La société féodale se trouva décomposée en son fond, l’homme, mais l’homme tel qu’il en était réellement le fond, l’homme égoïste.
Or, cet homme, membre de la société bourgeoise, est la base, la condition de l’État politique. L’État l’a reconnu à ce titre dans les droits de l’homme.
Mais la liberté de l’homme égoïste et la reconnaissance de cette liberté est plutôt la reconnaissance du mouvement effréné des éléments spirituels et matériels, qui en constituent la vie.
L’homme ne fut donc pas émancipé de la religion; il reçut la liberté religieuse. Il ne fut pas émancipé de la propriété; il reçut la liberté de la propriété. Il ne fut pas émancipé de l’égoïsme de l’industrie; il reçut la liberté de l’industrie.
La constitution de l’État politique et la décomposition de la société bourgeoise en individus indépendants, dont les rapports sont régis par le droit, comme les rapports des hommes des corporations et des jurandes étaient régis par le privilège, s’accomplissent par un seul et même acte. L’homme tel qu’il est membre de la société bourgeoise, l’homme non politique, apparaît nécessairement comme l’homme naturel. Les « droits de l’homme » prennent l’apparence des « droits naturels », car l’activité consciente se concentre sur l’acte politique. L’homme égoïste est le résultat passif, simplement donné, de la société décomposée, objet de la certitude immédiate, donc objet naturel. La révolution politique décompose la vie bourgeoise en ses éléments, sans révolutionner ces éléments eux-mêmes et les soumettre à la critique. Elle est à la société bourgeoise, au monde des besoins, du travail, des intérêts privés, du droit privé, comme à la base de son existence, comme à une hypothèse qui n’a pas besoin d’être fondée, donc, comme à sa base naturelle. Enfin, l’homme tel qu’il est, membre de la société bourgeoise, est considéré comme l’homme proprement dit, l’homme par opposition au citoyen, parce que c’est l’homme dans son existence immédiate, sensible et individuelle, tandis que l’homme politique n’est que l’homme abstrait, artificiel, l’homme en tant que personne allégorique, morale. L’homme véritable, on ne le reconnaît d’abord que sous la forme de l’individu égoïste, et l’homme réel sous la forme du citoyen abstrait.
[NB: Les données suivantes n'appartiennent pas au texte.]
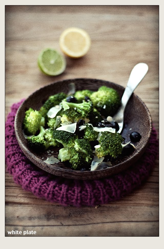 Wyjmujemy na durszlak, polewamy zimną wodą (dzięki temu brokuły zachowają kolor). Kładziemy na talerz, polewamy sokiem z cytryny i oliwą, posypujemy wiórkami sera, oliwkami pokrojonymi na połówki, migdałami lub orzechami. Solimy i pieprzymy.
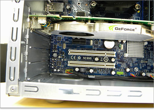 拡張スロットは、上からPCI Express x16 (グラフィックスカード用)が1基、PCIe x1が1 基、PCI を2基装備。PCI が2基あるところで、ビジネス向けに考慮された設計と分かります。
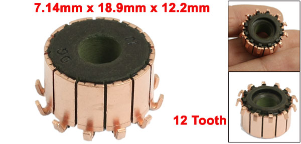 Product Name Commutator Color Copper Tone Material Copper, Steel Size 7.14 x 18.9 x 12.2mm / 7/25" x 3/4" x 31/64" (Shaft D*OD*H) Gear Tooth Quantity 12 Pcs Net Weight 6g Package Content 1 x Commutator - Reviews
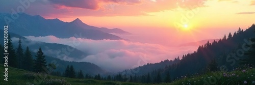 Serene landscape at dawn, mist shrouding mountains, conveying peace and inner tranquility Perfect for meditation, yoga, or spiritual reflection themes , reflection, awakening

Cette abstraction de l’homme politique, Rousseau nous la dépeint excellemment : « Celui qui ose entreprendre d’instituer un peuple doit se sentir en état de changer, pour ainsi dire, la nature humaine, de transformer chaque individu, qui par lui-même est un tout parfait et solidaire en partie d’un plus grand tout, dont cet individu reçoive, en quelque sorte, sa vie et son être, de substituer une existence partielle et morale à l’existence physique et indépendante. Il faut qu’il ôte à l’homme ses forces propres pour lui en donner qui lui soient étrangères et dont il ne puisse faire usage sans le secours d’autrui. » (Contrat social, livre II.)
Toute émancipation n’est que la réduction, du monde humain, des rapports, à l’homme lui-même.
L’émancipation politique, c’est la réduction de l’homme d’une part au membre de la société bourgeoise, à l’individu égoïste et indépendant, et d’autre part au citoyen, à la personne morale.
L’émancipation humaine n’est réalisée que lorsque l’homme a reconnu et organisé ses forces propres comme forces sociales et ne sépare donc plus de lui la force sociale sous la forme de la force politique.